"Sexy, sweaty and unmissable". No, not a paean to the reviewers of British Theatre Guide, hunks and hunkesses all, although our standard of personal hygiene is beyond reproach, but rather praise for Gecko, a London- based quintet, whose Taylor's Dummies, a winning meld of movement, music, drumming, puppetry and flight (!), has wowed critics from Brighton to Bogota.
Still going strong two years after it netted a Time Out Critics' Choice of the Year and a Guardian 'Pick of', Taylor's Dummies recently scooped a further acclaim from Time Out. Its continuing success owes as much to the energy and enthusiasm of the performers, which remains undimmed, as it does to the wit, style and sheer inventiveness of the piece which clocks in at 50 minutes.
"Imagine Vertigo directed by David Lynch and performed by De La Guarda to the riffs of '50s jazz", runs the blurb. But don't despair if one or more of these cultural namechecks draws a blank, Taylor's Dummies is eminently enjoyable in its own right. "Theatre with panache and dark wit", as one critic rightly put it.
It's a little difficult to provide a summary of the piece which is more akin to music than drama with its linear storyline, themes moving in and out of focus. A man's life is thrown into chaos by a chance encounter with a woman in a bar or cafe. He (Taylor) then alternates between his fears and his desires.
In one of the funniest scenes, a woman's leg emerges from a table in a café where Taylor is sitting, lengthens, retracts, caressing his head with the instep of its shoe, provoking alternating reactions of incredulity and sheer delight.
Another bravura scene has Taylor, played simultaneously by three performers - one of whom is sat a table fixed to the wall horizontal to the stage - whose movements are all in sync. In another, a man rushes in carrying a 'dummy'. He then freezes and the dummy picks him up before freezing, and so on.
Elsewhere, episodes explore a yearning for escape, symbolised by a green door, a leitmotif which recurs throughout. In one scene, two of the men attached to either end of a rope slung from the ceiling, leap and clutch at a door tantalisingly out of reach. In another, a woman, in a harness, spins over and over, out of the reach of Taylor as he helplessly attempts to seduce her.

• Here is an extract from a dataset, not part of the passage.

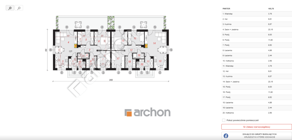 • Powierzchnia użytkowa jednego domu: 80,4 m²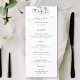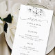 En gren av vita magnolier, hand plockade i svarta grafitpennor, dekorerar denna elegant, enkel, klassande och modern meny, svart och vitt bröllop. Den har modern, elegant-skriptkalligrafi med gott om blomning. Luxuriös men enkel, klassisk men chic, modern men tidlös. Ett vackert val för vår eller sommar bröllop med magnolias i möhippans bukett eller som accenter.

The darkest scenes dwell on childhood. In one of these, Taylor, played by a male member of the cast, is subjected to a tirade of abuse by the mannequin of a baby operated by others of the cast: "Taylor, you're always getting into trouble", is probably the only part of the infantile flyting reproducible here.
Elsewhere the mannequin, assisted by the cast, performs a very funny rendition of Fly Me to the Moon - that obscure object of desire again. As this suggests, the piece is not entirely cohesive, but then there's no reason why it should be, given the nature of its themes which darken as the night wears on.